=== Section Start ===

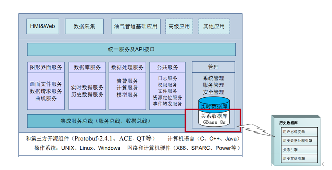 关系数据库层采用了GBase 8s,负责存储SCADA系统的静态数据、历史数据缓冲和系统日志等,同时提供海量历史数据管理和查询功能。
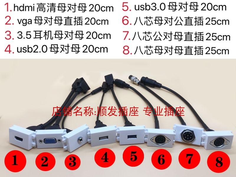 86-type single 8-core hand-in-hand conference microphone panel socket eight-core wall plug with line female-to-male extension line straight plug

=== Section End ===
=== Section Start ===

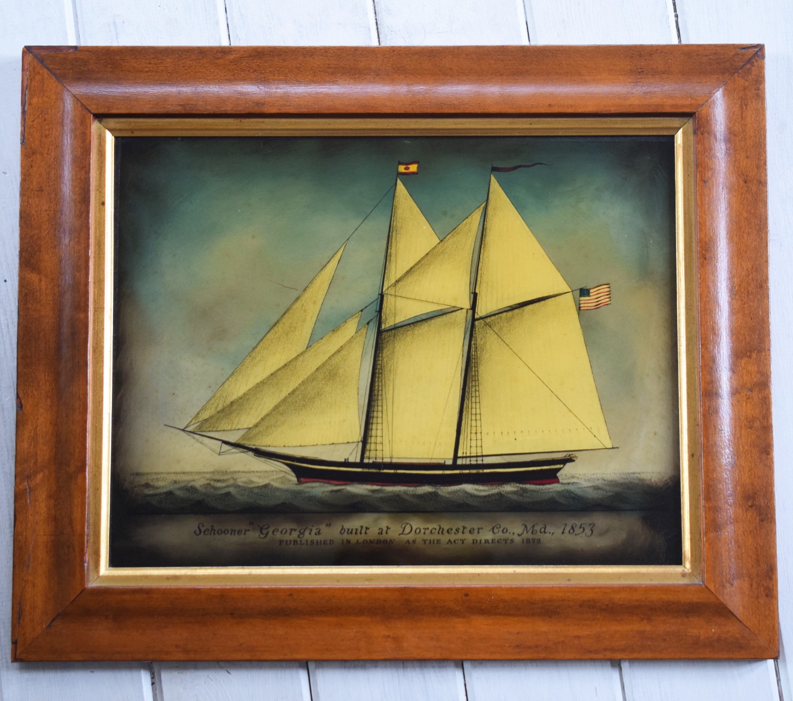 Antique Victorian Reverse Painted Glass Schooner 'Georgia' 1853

=== Section End ===

§ **Task item**
All pictures are to be skipped. Output, word for word, the lines in the data above starting at the line containing "关系数据库层采用了GBase" and ending at the line containing "86-type single 8-core".

§ **Solution**
 关系数据库层采用了GBase 8s,负责存储SCADA系统的静态数据、历史数据缓冲和系统日志等,同时提供海量历史数据管理和查询功能。
 86-type single 8-core hand-in-hand conference microphone panel socket eight-core wall plug with line female-to-male extension line straight plug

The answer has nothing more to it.